2) also, for high dilutions of anti-IgE, research for the presence of at least one achromasia peak of 3 to 4 significant successive points according to the data in the chart (paragraph VI-2). b) Representation of results:

It is done after opening the codes, after 18 interpretable activation experiences (i.e. meeting the selection criteria).

The number of experiments required was determined after statistical analysis of the results provided by preliminary experiments.

The results are represented as follows:

Logarithmic dilutions (anti-IgE, anti-IgG or distilled water) are plotted on the abscissa while the number of basophils is plotted on the ordinate.

Each graph corresponds to an experience. It comprises :

1) a curve which represents the variations in the number of basophils as a function of the dilutions of anti-IgE;

2) one (or two) control curve (s) showing the variations in the number of basophils as a function of the dilutions of distilled water and / or of anti-IgG.

Depending on the average number of basophils obtained for the control dilutions of distilled water and for the "Tyrode with calcium" control, a significance limit is defined corresponding to the number below which the effect of anti-IgE (or anti-IgG) will be considered significant. This limit most often corresponds to around 20% of achromasia. It is given by an abacus (see Figure 4) and is shown in dotted lines on the graphs.

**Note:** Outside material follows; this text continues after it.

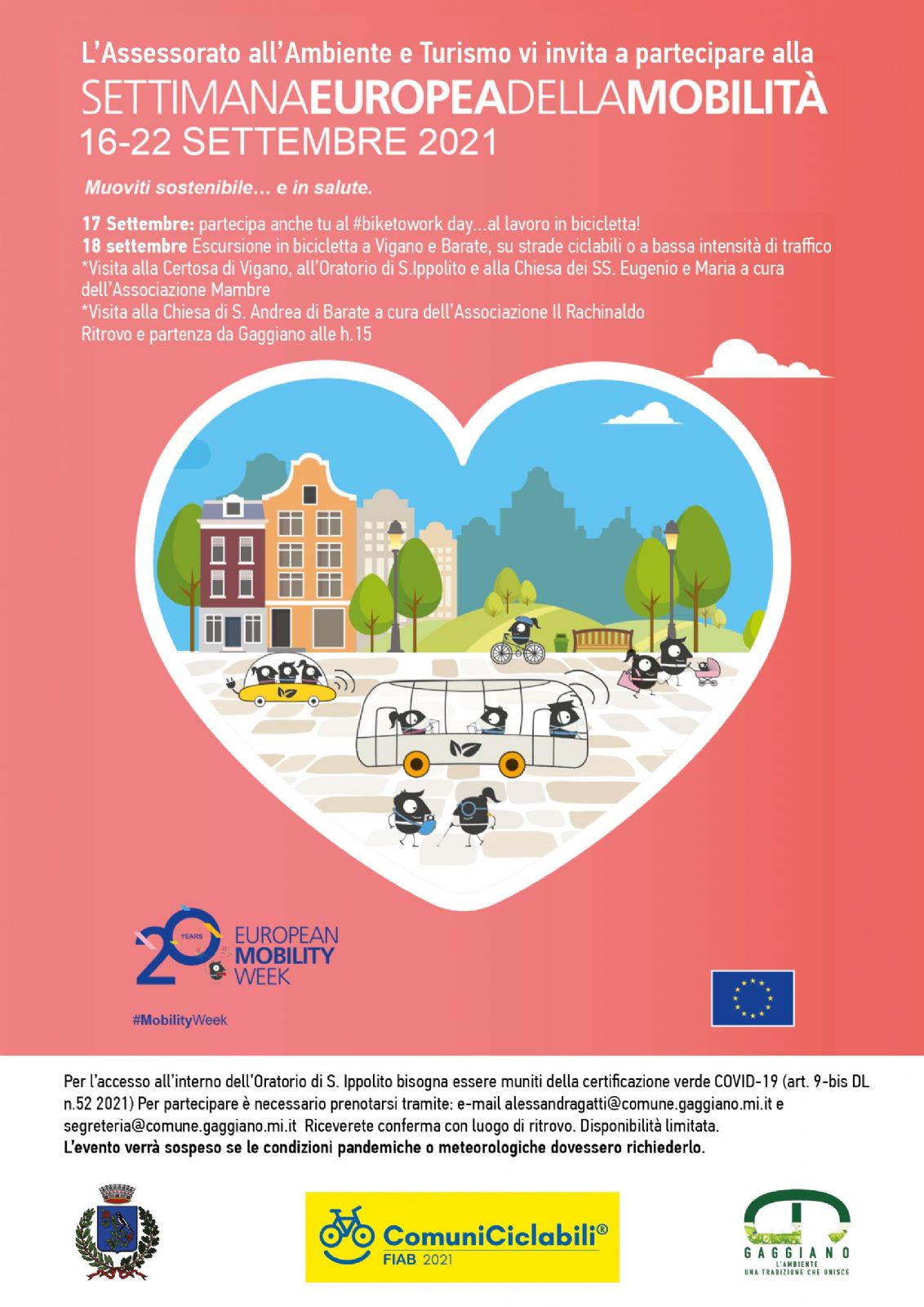 18 settembre Escursione in bicicletta a Vigano e Barate, su strade ciclabili o a bassa intensità di traffico, organizzata nell'ambito della Settimana Europea della Mobilità

The lower the number of basophils compared to the average of the controls, the more significant the effect observed.

FIG. 4 shows the abacus to determine the significance of the achromasia of human basophils.

The chart indicates the significance (p <0.05) of the achromasia observed for basophils. Example: when 70 basophils are counted in the control well, at most 56 basophils must be counted in the test well for the achromasia to be significant.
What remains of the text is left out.